2.1. Le dispositif expérimental
Nous avons appliqué un dispositif longitudinal qui est considéré, à l'heure actuelle, comme celui qui présente le plus de garanties quant au rôle joué par la variable indépendante. Ce dispositif est représenté schématiquement dans le tableau n° 1.
Quatre échantillons comprenant chacun douze classes ont participé à l'expérience: les trois premiers sont constitués de classes de 6e année primaire, le quatrième (D) de classes de 4e latine, de 4e moderne et de 3e année de l'enseignement secondaire rénové. Les groupes expérimentaux (A et B) ont été soumis à deux traitements différents (X et X') et leurs performances comparées à celles des groupes de contrôle (C et D).
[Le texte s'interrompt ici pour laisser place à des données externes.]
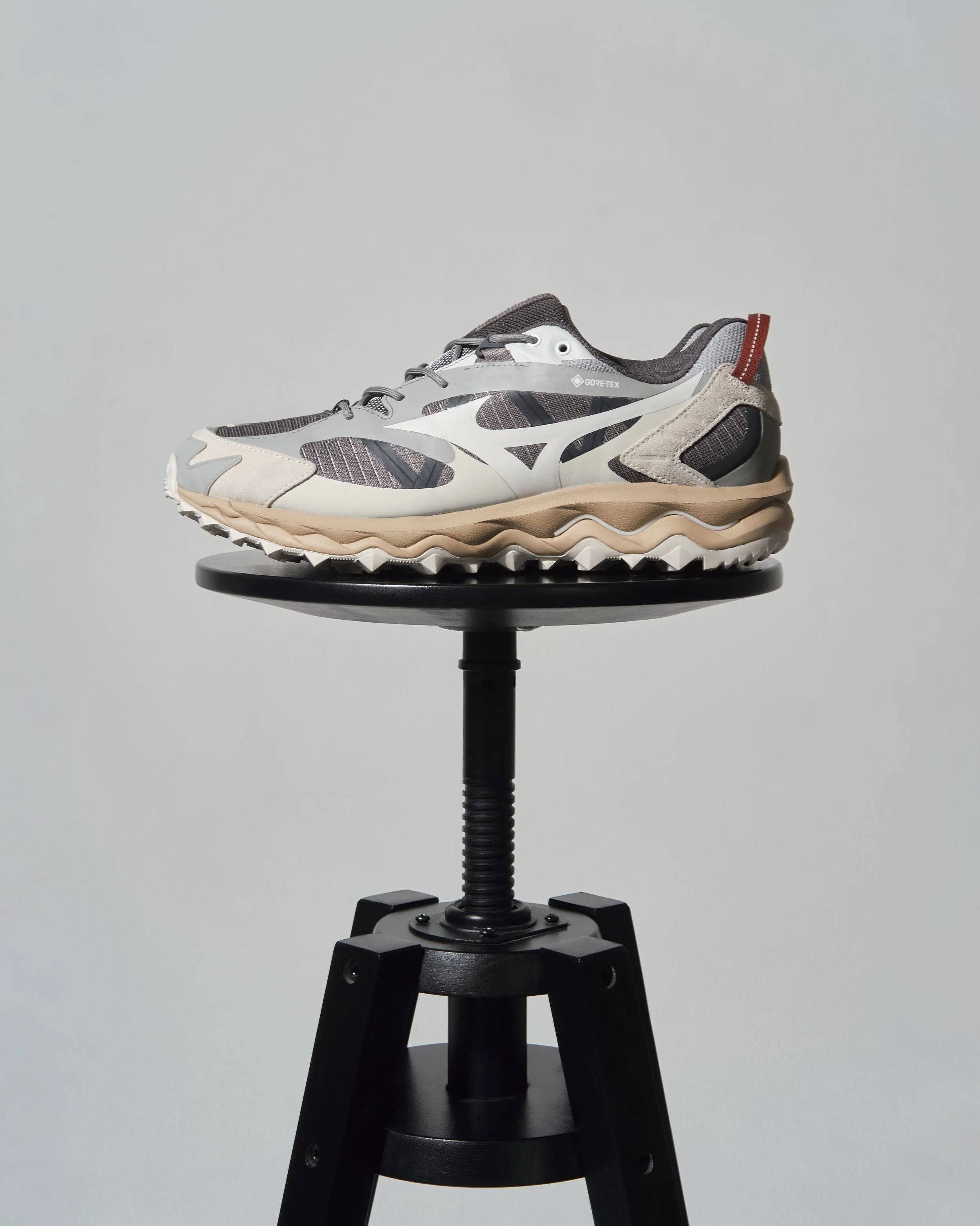 The Wave Mujin TL GTX keeps the same concept as the AW21 Wave Mujin TL, but shifting the leather execution with a technical thermo-transfer layering. This style represents an exciting combination of a running inspired upper and a high-technology performance sole from Mizuno top trail running range. It also brings a new exciting material collaboration with GoreTex, worldly recognized for its waterproof membranes. The upper is based on unreleased sketches of famed illustrator and designer Tuan Lee, rendered either in monochrome or in a very light camo print, and is paired with a trail sole in optical white. This Wave Mujin TL GTX has a distinct outdoor feel, while staying sleek and sophisticated. Combined with function-based pieces of apparel, it can become the perfect shoe to please the ones that want to bring outdoors and fashion together, keeping the explorer mindset.
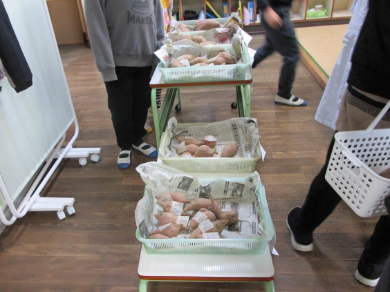 あじさい学級、たんぽぽ学級では、自分たち育て、収穫したさつまいもを仮想の店を設定し、販売する体験を行いました。「おいいしい いもや」の開店です。 お店では、値段の異なるさつまいもをお客さん(職員)に2つ買ってもらうことで代金やおつりの計算をたし算やひき算で出していました。 また、お客さんに挨拶をしたり商品のよいところをアピールしたりとコミュニケーションをとる体験もします。みんな目を輝かせながら活動をしていました。代金やおつりの計算も間違うことなくできました。ありがとうございました。

Toutes les observations ont été représentées par la lettre 0, qu'elles fussent préexpérimentales, expérimentales ou postexpérimentales. Les lettres X et X' désignent les deux variables indépendantes correspondant aux deux traitements pédagogiques qui furent administrés aux groupes A et B.
Trente-six classes de 6e année ont donc été soumises à deux prétests basés sur l'utilisation de référentiels et dont le niveau d'exigences était indiscutablement élevé. L'application de la technique arc sinus [4] a permis de constituer, de façon aléatoire, trois groupes équivalents de 12 classes en fonction des résultats enregistrés aux épreuves préexpérimentales. C'est également de façon aléatoire qu'ont été désignés les deux groupes expérimentaux et le groupe de contrôle.
Représentation schématique du dispositif expérimental

Groupes


Prétests


Traitements


Post-tests


A


0p1 0p2


X101 X3 03 X5 05 X7 07 X9 09 X11 011


0P1 0P2 0P3


B


0'p1 0'p2


Z1 X'1 0'1 Y1 X'2 0'2 Y2 X'3 0'3 Y3 X'4 0'4 Y4 X'5 0'5 Y5 X'6 0'6 Y6 X'7 0'7 Y7 X'8 0'8 Y8 X'9 0'9 Y9 Z2 X'11 0'11 Y11


0'P10'P2 0'P3


C


0"p1 0"p2


W


0"P10"P20"P3


D



T


0"`P10"`P20"`P3



Traitements: Z1 = premier entraînement à l'utilisation d'un référentiel comportant l'exécution individuelle, l'autocorrection et la correction collective
X et X' = exécution individuelle
Y = entraînement assisté et renforcement
Z2 = correction de 0P2
W = activité traditionnelle
T = activité traditionnelle + expérience personnelle + maturation
2.2. Les traitements
2.2.1. Le groupe A (traitement X)
Les classes de ce groupe ont bénéficié de six épreuves d'entraînement comportant chacune dix items. Les sujets ont eu à résoudre, à l'aide de deux référentiels, 60 problèmes présentés selon un ordre de difficulté croissante. Ils travaillaient de manière strictement individuelle et aucune démarche ne leur a été suggérée par l'instituteur qui n'avait d'ailleurs reçu aucune information sur le contenu des tests. A la fin de la séance, les feuilles-réponses étaient enlevées aux élèves qui ne recevaient aucun feed-back. On peut dire qu'ils furent placés dans une situation de learning by doing.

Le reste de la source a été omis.